その見通しは、いくつかの強い主張にまとまる。
1. 言語は本能ではない
子どもを生まれてすぐ別の社会へ移せば、歩き方はもとの環境とほぼ同じに育つ。だが、ことばは「native environment のそれとは完全に食い違う(completely at variance)」。だからサピアは言う——「歩行は有機的で本能的な機能であり、発話は非本能的で後天的な、“文化的”機能である」(Walking is an organic, an instinctive, function …; speech is a non-instinctive, acquired, “cultural” function、第1章)。
ここから有名な定義が出る。
Language is a purely human and non-instinctive method of communicating ideas, emotions, and desires by means of a system of voluntarily produced symbols.
言語とは、随意に産出される記号の体系によって、観念・感情・欲求を伝達する、純粋に人間的で非本能的な方法である。(第1章。引用は原文、日本語は L/LAB 訳。以下同じ)

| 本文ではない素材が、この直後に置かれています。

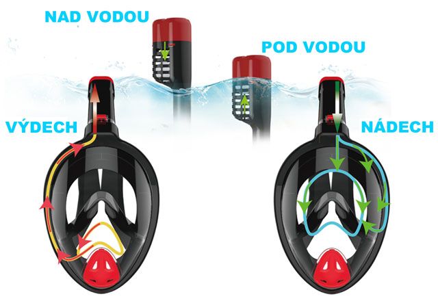 A búvár teljes arcmaszk beépített légzőcsővel egy új termék a búvárkodáshoz. ez a búvárruha új koncepciója, amely az úszó száját is eltakarja. Ez különösen előnyös azoknak a gyerekeknek, akik még nem tudják szilárdan a szájukban tartani a légzőcső. A maszk csak a felszínen teszi lehetővé a merülést. Nagy előnye a kupolás okulár, amely szinte egyenes szögben - 180 ° -ban teszi lehetővé a látást. A maszk zárt terében orron és szájon keresztül lehet lélegezni. Ez nagy előnye, hogy nem lehet belélegezni a vizet. A maszkba bejutó korlátozott mennyiségű víz a lefúvatószeleppel kifújható, ha a fejet a felület fölé emeljük. A maszk felső részébe épített speciális légzőcső konstrukció megakadályozza a víz behatolását.

感嘆詞(oh! ah!)や擬声語(cuckoo)は本能的な叫びの文化的な模造にすぎず、言語の起源にはならない。「間投詞は、せいぜい、複雑な織物の装飾的な縁取りにすぎない」。生理の面でも、サピアは踏み込む——「厳密には発音器官などというものは存在しない。発音に付随的に役立つ器官があるだけだ」(There are, properly speaking, no organs of speech)。肺は呼吸、歯は咀嚼のためにできた。言語は既存の器官の上に乗った機能(an overlaid function)だ。
2. 本質は音ではなくパターン
話し言葉は書き言葉へ、手話へ、モールス信号(「記号の記号の記号」)へ、一対一で転移できる。この転移のしやすさそのものが、「音そのものは言語の本質的な事実ではなく、本質は分類・形式的パターン・概念の関係づけにある」ことを示す。サピアの言い方では——「言語は、その内側の面において、思考の鋳型(the mold of thought)である」(第1章)。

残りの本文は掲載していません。